Data excerpts:
++++

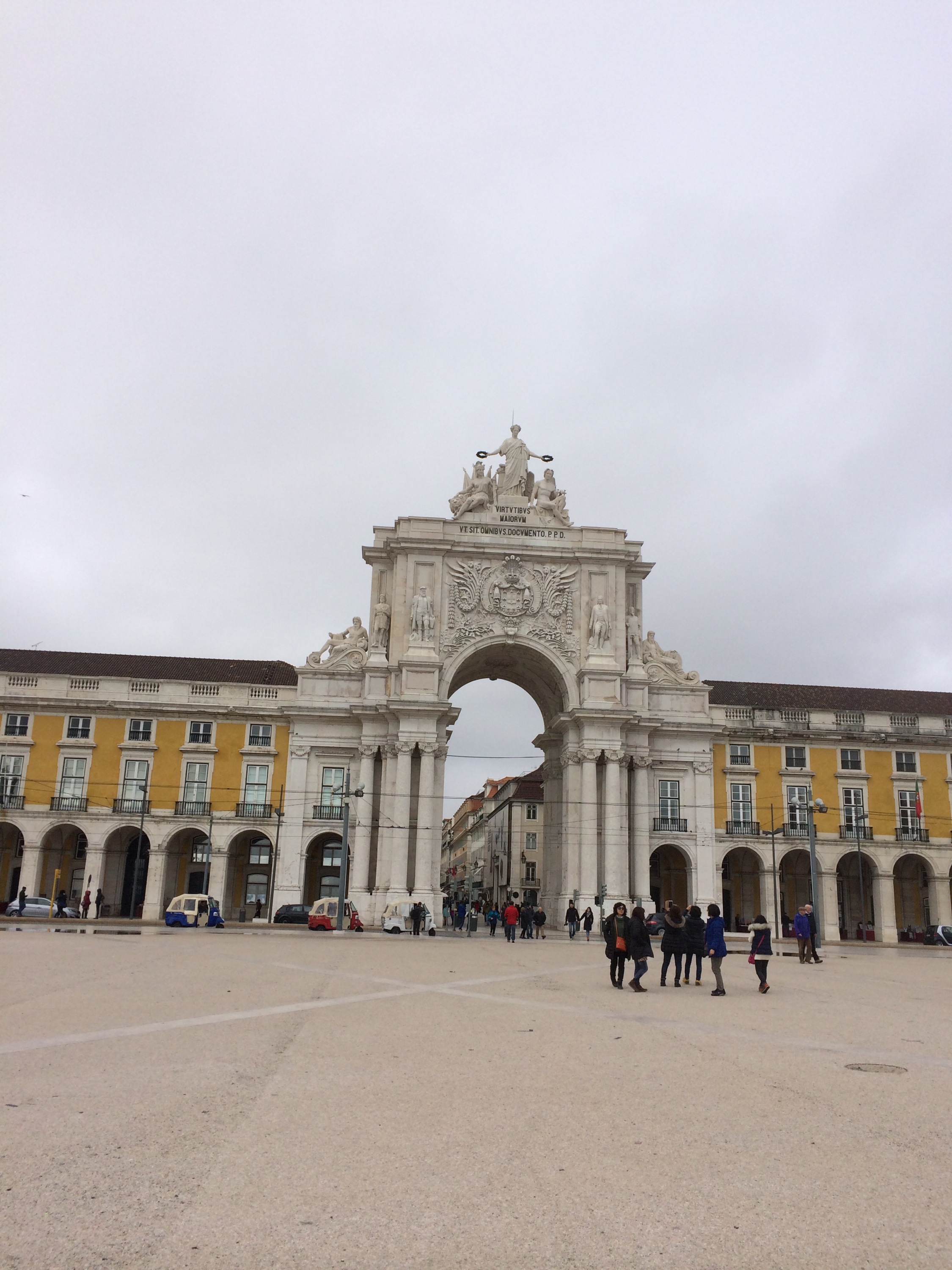 Below are photos of some of the beautiful, tiled homes we saw on our walk as well as a bridge that looks like the Golden Gate Bridge which was designed by the American company that built the Oakland Bay Bridge. Lisbon doesn’t face due east across the Atlantic; it’s a sheltered harbor on the Tejo River that starts in Spain and flows 1008 km before emptying into the Atlantic near here. The triumphal arch in the photos was begun in 1755 just after the earthquake but wasn’t completed until the late 1800’s.
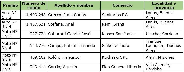 Dicho sorteo, que fue fiscalizado por el Escribano Público Sebastián Vigil, tuvo como cliente beneficiado al Sr. Eduardo Daniel Finós, DNI: 23 695 245. Por su parte el comercio que entregó dicho cupón y que por lo tanto también se hace acreedor de un premio es Casa Curletto.
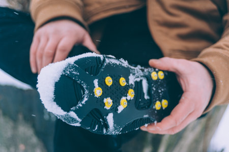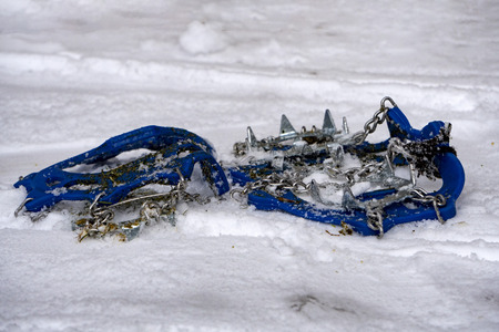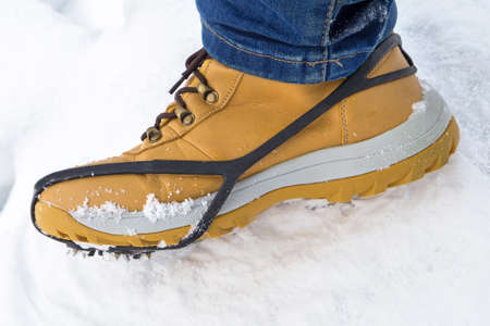 Ice shoes for shoes on a background of snow
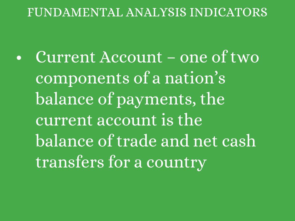 - Current Account – one of two components of a nation’s balance of payments, the current account is the balance of trade and net cash transfers for a country
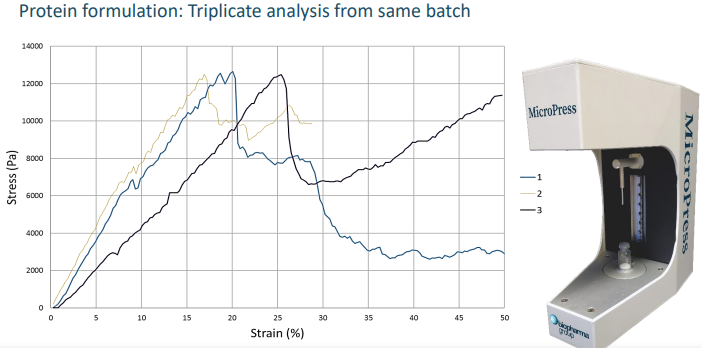 另外,對于凍干輔料對于樣品強(qiáng)度的影響,Micropress也可輕松提供數(shù)據(jù)作為參考。
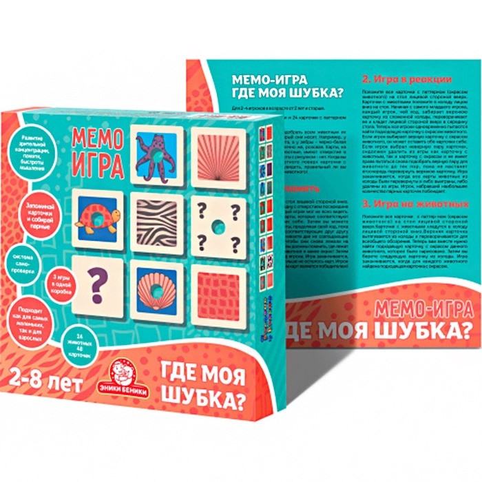 Увлекательная детская настольная мемо игра «Где моя шубка?» обязательно понравится вашему ребенку! Игра на память, игра в реакцию и игра на животных.
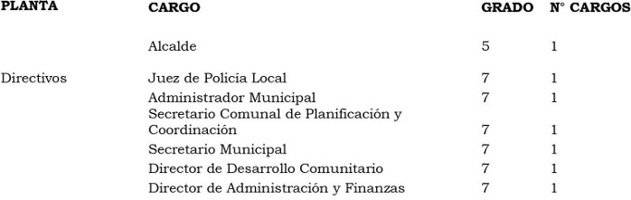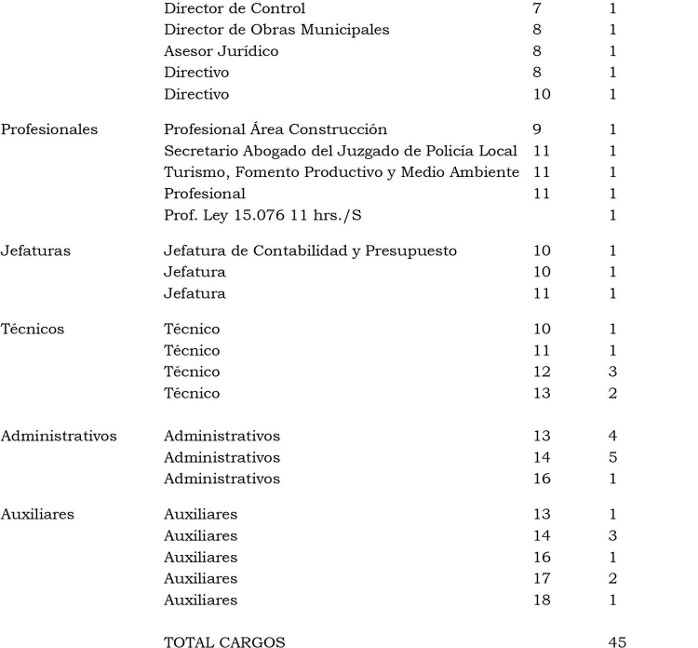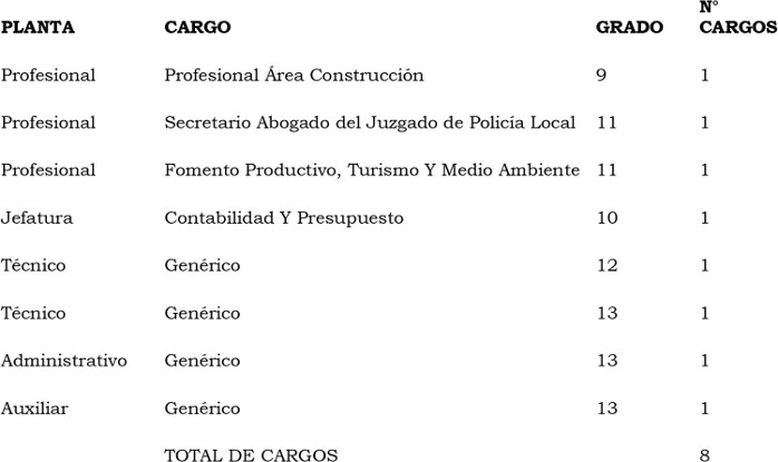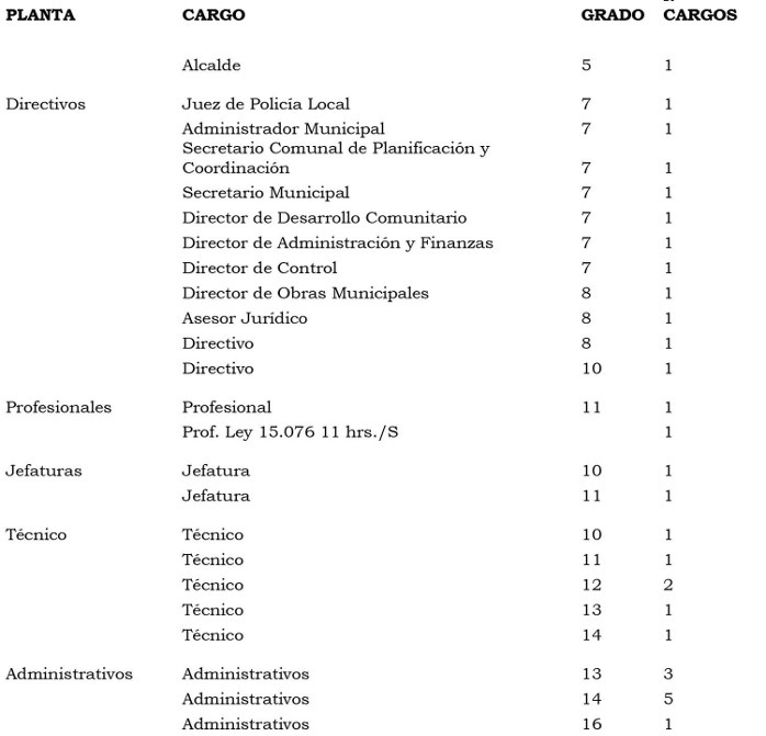. Artículo 2º: Como consecuencia de las modificaciones efectuadas a la Planta de Personal, establézcase la Planta de la Municipalidad de Llanquihue de la forma que a continuación se indica:
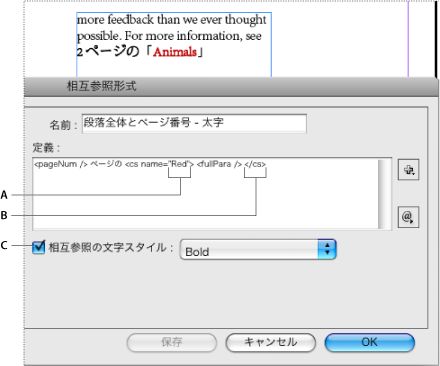 <pageNum> ページの <cs name=”bold”><fullPara/></cs> を参照 23 ページの動物を参照 文字スタイル名を指定し、文字スタイルを適用するテキストを <cs name=""> タグと </cs> タグで囲みます。 相互参照内の文字スタイルの適用を参照してください。 |
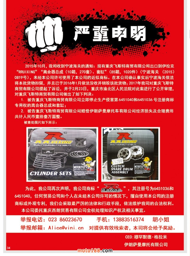 國內首本中英文雙語《中國摩配外貿市場指南》,為從事外貿的企業提供了工具。這本書在廣州秋季全摩會上首發。還將參加明年的江門和重慶春季全摩會。歡迎行業朋友帶上名片或者手機掃二維碼,到4079展位來領取《中國摩配外貿市場指南》和《摩托車與配件》11期雜志。
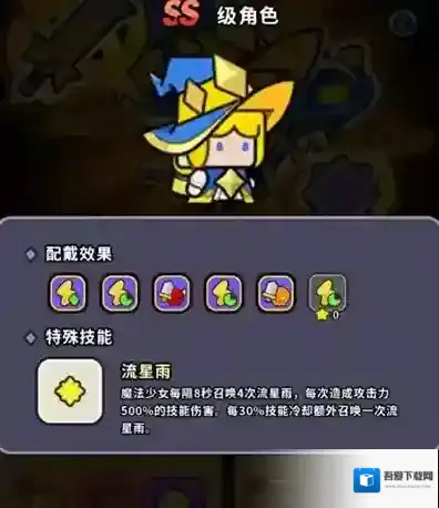 技能: 每8秒召唤4波流星雨,每波造成500%攻击伤害。技能冷却属性每达到30%,就能额外召唤一次。
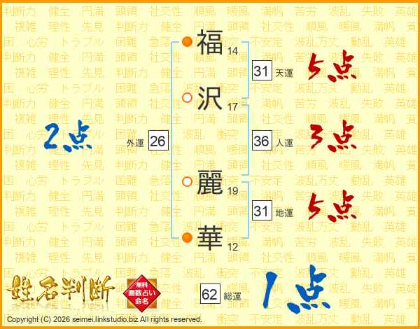 生活面を象徴する運勢です。外部から受ける影響力を表し、結婚運、家庭運や職場、環境への順応性を表します。総運から人運を引いた画数。姓や名が1文字の場合を除く。
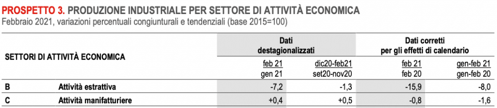 A febbraio 2021 si stima che l’indice destagionalizzato della produzione industriale aumenti dello 0,2% rispetto a gennaio. Nella media del trimestre dicembre-febbraio il livello della produzione cresce dello 0,6% rispetto ai tre mesi precedenti.
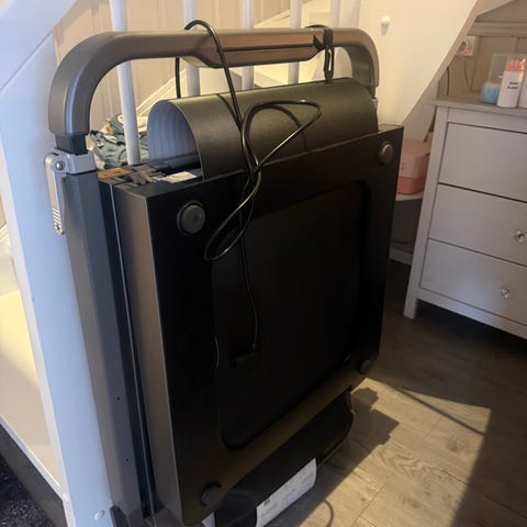 WalkingPad R2 Pro tredemølle med sammenleggbar design. Utstyrt med digitalt display for hastighet og tid. Kompakt og bærbar, egnet for hjemmebruk og trening i små rom.
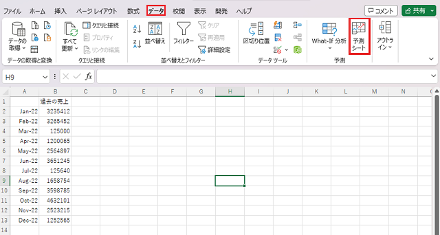 ②:入力したデータを選択して、データにある「予測シート」を選択
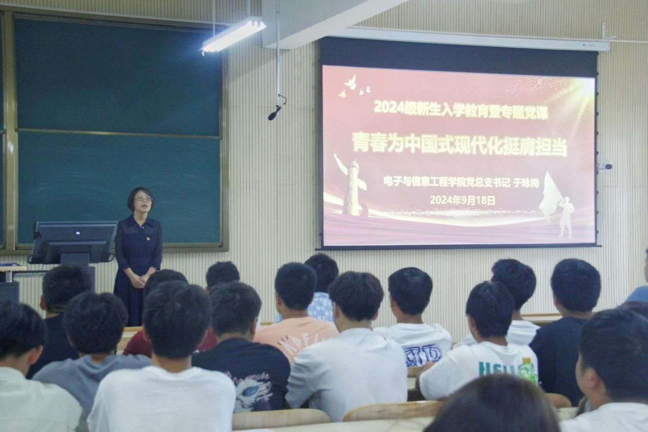 为深入学习贯彻党的二十届三中全会精神,用习近平新时代中国特色社会主义思想和习近平总书记2024年五四青年节的重要讲话武装青年老员工,坚持立德树人根本任务,以“五色”育人模式的实践与创新引领青年老员工奋力书写为中国式现代化挺膺担当的青春篇章,9月18日下午,公司党总支书记于咏梅在江北校区1301、1404教室讲授主题为青春为中国式现代化挺膺担当的专题党课暨新生入学教育,365英国上市公司2024级全体新生参加。365英国上市公司辅导员成英丽主持。
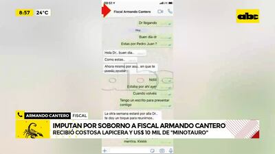 Este artículo tiene 2 años de antigüedad Los fiscales Diego Arzamendia y Osmar Legal imputaron al fiscal Armando Martín Cantero Fassino así como a otros más, por los hechos de cohecho pasivo agravado y soborno agravado. Según la hipótesis del Ministerio Público, el fiscal Cantero habría intermediado en una causa de Minotauro, en ese sentido, habrían recibido un bolígrafo valorado en G. 5.000.000 como “agradecimiento”.
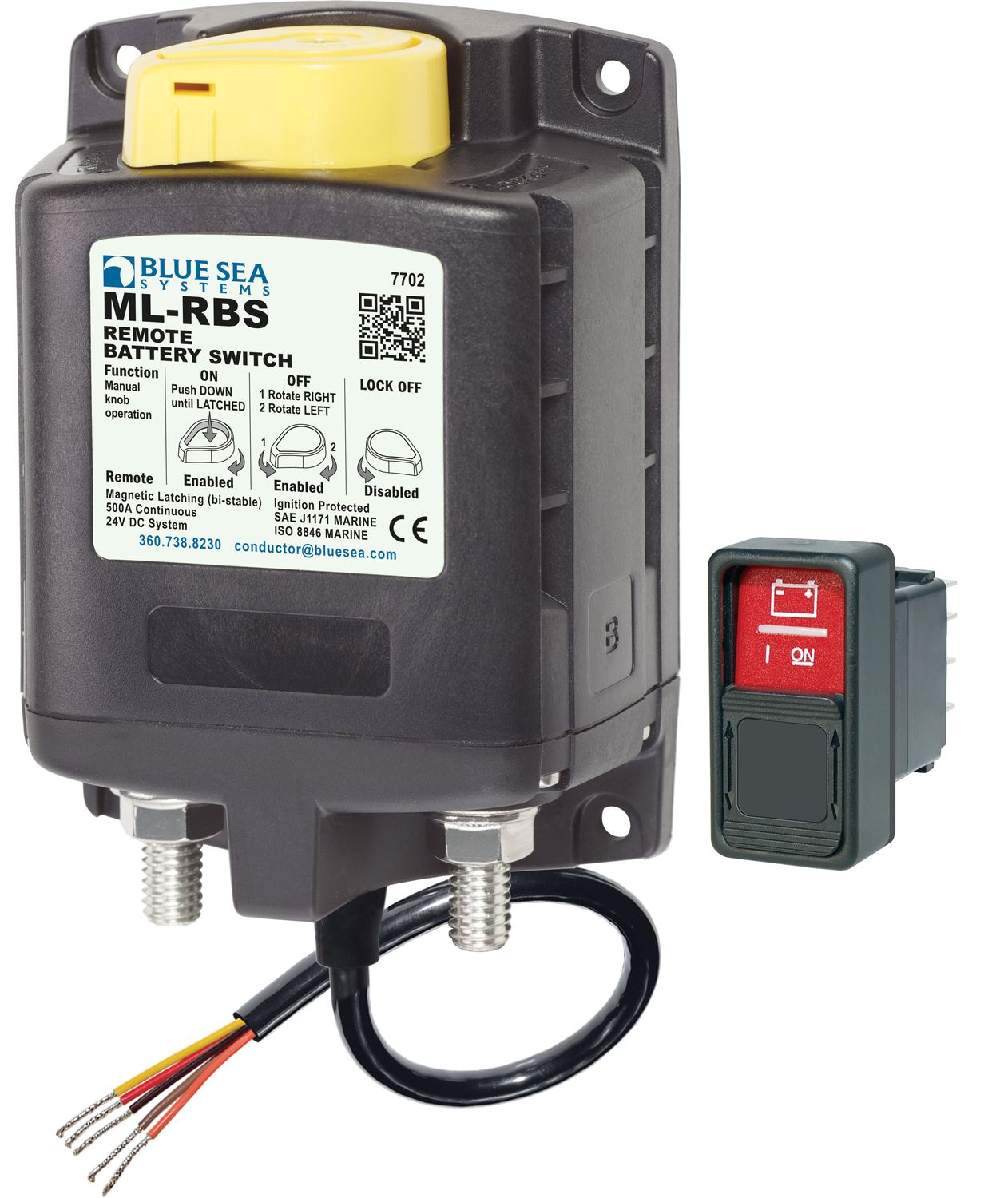 Fernschaltbarer Batteriehauptschalter. Montiert in Batterienähe erspart er lange und kostenintensive Kabelwege. Der Fernschalter ist nach IP66 feuchtigkeits- und korrosionsgeschützt.

++++

_The problem_
Reprint every record exactly and skip the pictures.

_Response to this task_
 Below are photos of some of the beautiful, tiled homes we saw on our walk as well as a bridge that looks like the Golden Gate Bridge which was designed by the American company that built the Oakland Bay Bridge. Lisbon doesn’t face due east across the Atlantic; it’s a sheltered harbor on the Tejo River that starts in Spain and flows 1008 km before emptying into the Atlantic near here. The triumphal arch in the photos was begun in 1755 just after the earthquake but wasn’t completed until the late 1800’s.
 Dicho sorteo, que fue fiscalizado por el Escribano Público Sebastián Vigil, tuvo como cliente beneficiado al Sr. Eduardo Daniel Finós, DNI: 23 695 245. Por su parte el comercio que entregó dicho cupón y que por lo tanto también se hace acreedor de un premio es Casa Curletto.
 Ice shoes for shoes on a background of snow
 - Current Account – one of two components of a nation’s balance of payments, the current account is the balance of trade and net cash transfers for a country
 另外,對于凍干輔料對于樣品強(qiáng)度的影響,Micropress也可輕松提供數(shù)據(jù)作為參考。
 Увлекательная детская настольная мемо игра «Где моя шубка?» обязательно понравится вашему ребенку! Игра на память, игра в реакцию и игра на животных.
. Artículo 2º: Como consecuencia de las modificaciones efectuadas a la Planta de Personal, establézcase la Planta de la Municipalidad de Llanquihue de la forma que a continuación se indica:
 <pageNum> ページの <cs name=”bold”><fullPara/></cs> を参照 23 ページの動物を参照 文字スタイル名を指定し、文字スタイルを適用するテキストを <cs name=""> タグと </cs> タグで囲みます。 相互参照内の文字スタイルの適用を参照してください。 |
 國內首本中英文雙語《中國摩配外貿市場指南》,為從事外貿的企業提供了工具。這本書在廣州秋季全摩會上首發。還將參加明年的江門和重慶春季全摩會。歡迎行業朋友帶上名片或者手機掃二維碼,到4079展位來領取《中國摩配外貿市場指南》和《摩托車與配件》11期雜志。
 技能: 每8秒召唤4波流星雨,每波造成500%攻击伤害。技能冷却属性每达到30%,就能额外召唤一次。
 生活面を象徴する運勢です。外部から受ける影響力を表し、結婚運、家庭運や職場、環境への順応性を表します。総運から人運を引いた画数。姓や名が1文字の場合を除く。
 A febbraio 2021 si stima che l’indice destagionalizzato della produzione industriale aumenti dello 0,2% rispetto a gennaio. Nella media del trimestre dicembre-febbraio il livello della produzione cresce dello 0,6% rispetto ai tre mesi precedenti.
 WalkingPad R2 Pro tredemølle med sammenleggbar design. Utstyrt med digitalt display for hastighet og tid. Kompakt og bærbar, egnet for hjemmebruk og trening i små rom.
 ②:入力したデータを選択して、データにある「予測シート」を選択
 为深入学习贯彻党的二十届三中全会精神,用习近平新时代中国特色社会主义思想和习近平总书记2024年五四青年节的重要讲话武装青年老员工,坚持立德树人根本任务,以“五色”育人模式的实践与创新引领青年老员工奋力书写为中国式现代化挺膺担当的青春篇章,9月18日下午,公司党总支书记于咏梅在江北校区1301、1404教室讲授主题为青春为中国式现代化挺膺担当的专题党课暨新生入学教育,365英国上市公司2024级全体新生参加。365英国上市公司辅导员成英丽主持。
 Este artículo tiene 2 años de antigüedad Los fiscales Diego Arzamendia y Osmar Legal imputaron al fiscal Armando Martín Cantero Fassino así como a otros más, por los hechos de cohecho pasivo agravado y soborno agravado. Según la hipótesis del Ministerio Público, el fiscal Cantero habría intermediado en una causa de Minotauro, en ese sentido, habrían recibido un bolígrafo valorado en G. 5.000.000 como “agradecimiento”.
 Fernschaltbarer Batteriehauptschalter. Montiert in Batterienähe erspart er lange und kostenintensive Kabelwege. Der Fernschalter ist nach IP66 feuchtigkeits- und korrosionsgeschützt.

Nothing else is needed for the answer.